[RECORDS FOR THIS TASK]

___

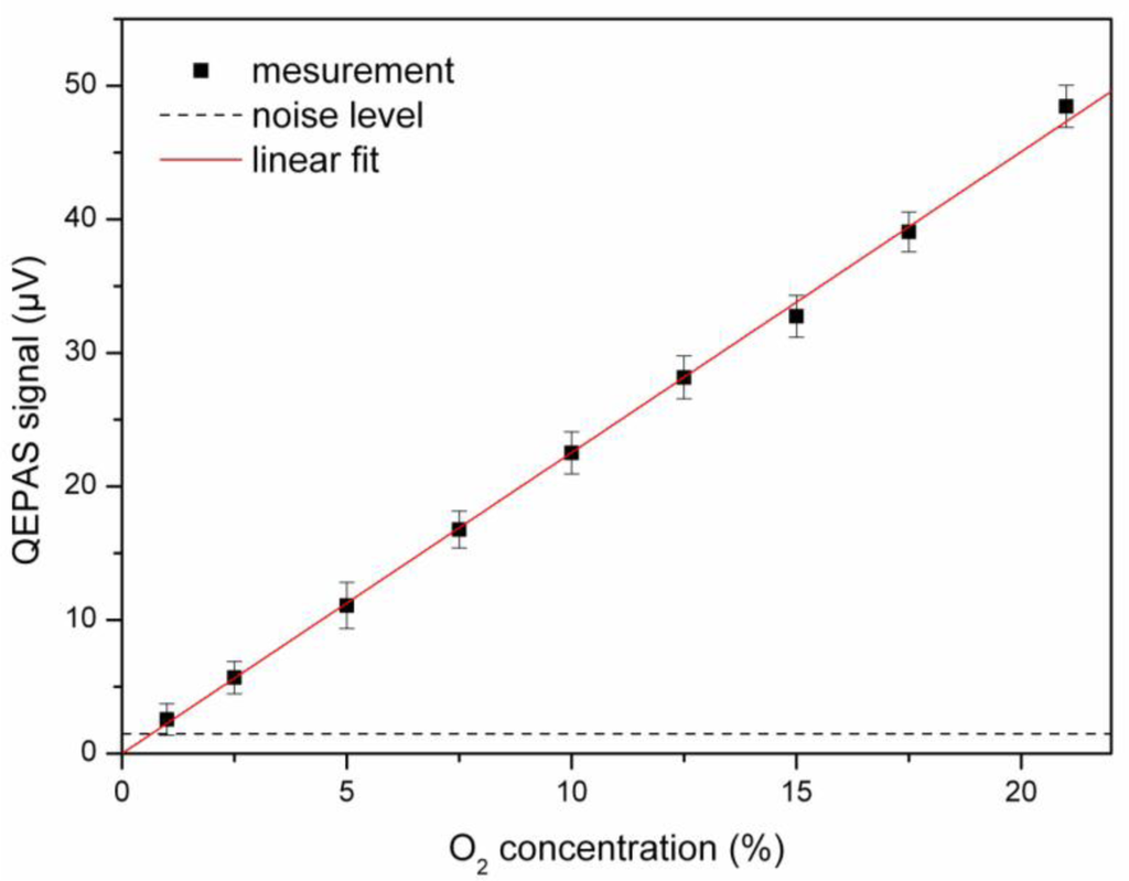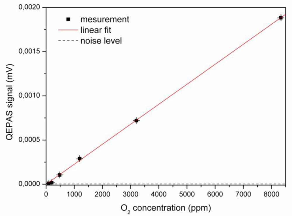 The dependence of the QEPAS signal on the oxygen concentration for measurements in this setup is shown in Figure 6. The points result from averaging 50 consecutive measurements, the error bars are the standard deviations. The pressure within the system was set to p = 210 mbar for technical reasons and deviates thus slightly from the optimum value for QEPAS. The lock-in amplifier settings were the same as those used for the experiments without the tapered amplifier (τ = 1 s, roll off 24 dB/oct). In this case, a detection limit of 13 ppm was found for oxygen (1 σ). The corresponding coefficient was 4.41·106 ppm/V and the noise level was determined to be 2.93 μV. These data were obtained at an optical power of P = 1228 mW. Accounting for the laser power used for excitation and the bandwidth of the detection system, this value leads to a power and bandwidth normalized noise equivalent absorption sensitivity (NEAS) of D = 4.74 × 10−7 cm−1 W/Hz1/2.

___

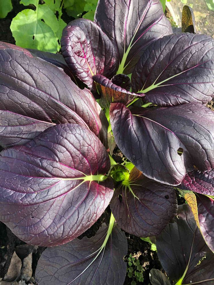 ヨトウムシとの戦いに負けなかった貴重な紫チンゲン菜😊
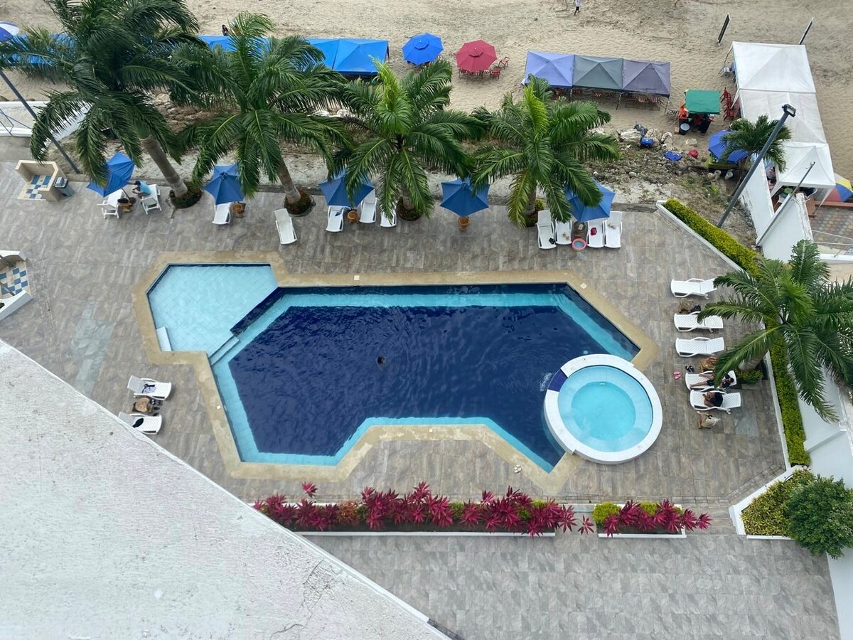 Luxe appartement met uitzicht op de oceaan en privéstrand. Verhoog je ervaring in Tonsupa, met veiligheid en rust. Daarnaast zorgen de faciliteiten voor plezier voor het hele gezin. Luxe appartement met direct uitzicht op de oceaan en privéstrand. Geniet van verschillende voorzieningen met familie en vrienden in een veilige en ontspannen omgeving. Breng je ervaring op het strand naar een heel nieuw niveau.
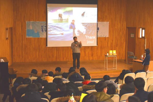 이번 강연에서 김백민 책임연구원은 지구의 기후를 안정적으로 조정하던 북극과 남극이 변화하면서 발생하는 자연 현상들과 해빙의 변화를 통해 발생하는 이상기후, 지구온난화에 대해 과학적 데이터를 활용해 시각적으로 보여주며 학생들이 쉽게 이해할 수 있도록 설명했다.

___

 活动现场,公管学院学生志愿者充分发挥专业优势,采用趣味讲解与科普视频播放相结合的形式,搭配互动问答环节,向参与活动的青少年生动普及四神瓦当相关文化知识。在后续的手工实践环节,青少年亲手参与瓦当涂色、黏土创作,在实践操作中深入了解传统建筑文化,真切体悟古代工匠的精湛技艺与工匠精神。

___

[YOUR INSTRUCTIONS]
All that is wanted is the lines above between the one containing "ヨトウムシとの戦いに負けなかった貴重な紫チンゲン菜😊" and the one containing "이번 강연에서 김백민", inclusive, restated word for word, with pictures omitted.

[RESULT BELOW]
 ヨトウムシとの戦いに負けなかった貴重な紫チンゲン菜😊
 Luxe appartement met uitzicht op de oceaan en privéstrand. Verhoog je ervaring in Tonsupa, met veiligheid en rust. Daarnaast zorgen de faciliteiten voor plezier voor het hele gezin. Luxe appartement met direct uitzicht op de oceaan en privéstrand. Geniet van verschillende voorzieningen met familie en vrienden in een veilige en ontspannen omgeving. Breng je ervaring op het strand naar een heel nieuw niveau.
 이번 강연에서 김백민 책임연구원은 지구의 기후를 안정적으로 조정하던 북극과 남극이 변화하면서 발생하는 자연 현상들과 해빙의 변화를 통해 발생하는 이상기후, 지구온난화에 대해 과학적 데이터를 활용해 시각적으로 보여주며 학생들이 쉽게 이해할 수 있도록 설명했다.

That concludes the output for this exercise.